Me: So, let’s say I contributed 10.000€ by the time I’m 60 years. You take 150€ in fees in all these years and let’s assume that the fund’s performance was 0% alltogether, it basically didn’t move. How much money can I get out at my 60th birthday? Do I have 9850€ or much less because of those 2% fees every year?
Broker: You should have 9850€ but I’ll ask a colleague to make sure…”
…let’s stop here folks. The conversation was a bit longer and these were not the exact words. The details and the numbers were pretty much correct though.
I didn’t want to go into boring details like the alternatives I had of investing directly into the exact same instruments myself rather than through them. Nor did I ask here whether she knows the difference between active and passive funds. I am not an expert in these things, I know that, but I think I got the main ideas of all this and it’s pretty shocking that a qualified insurance broker is so poorly informed and gave me such false information.
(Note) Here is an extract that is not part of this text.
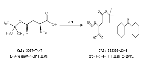 1.通過L-天冬氨酸-4-叔丁基酯合成(S)-(-)-4-叔丁基氫 2-疊氮基琥珀酸酯 二環(huán)己基銨鹽,收率約90%;

For those who don’t understand what’s wrong with this product and don’t know much about alternatives, in a nutshell:
– you can invest directly and very cheaply in a much more diversified (MSCI World, MSCI Emerging Markets) passive fund for 0.10-0.20% yearly fee. Just google ETFs.
– the 1.5% fee that’s take off from your contributions doesn’t seem much, over the year it adds up. This is money that’s not compoundung, it’s not working for you right from the start. ETF’s do have a small fee to purchase (so do stocks) but it’s much much less.
– 2% yearl fee (Total Expense Ratio) it’s simply stupidly high. Basically nobody can guarantee that performance of your pension will go up, but thos fees are taken for sure. In 10 years, a 2% yearly fee eats up about 18% of your portfolio.
I also understand that Insurance companies want to make money but hey…this is a bit over the top! And, btw, this company has a massive market share in the private insurance business in Romania. This means hundreds of thousands of people, probably even millions insured this way.
Guys, we need to get out there and teach as many young people as possible about index funds. We need to teach them about how private pension funds work. So many of us have experience at this. For every young person we properly teach, such “finance-sharks” will contract one person less.
What are your experiences with insurance brokers? Did you sign private pension contracts? How are they subsidised in your country?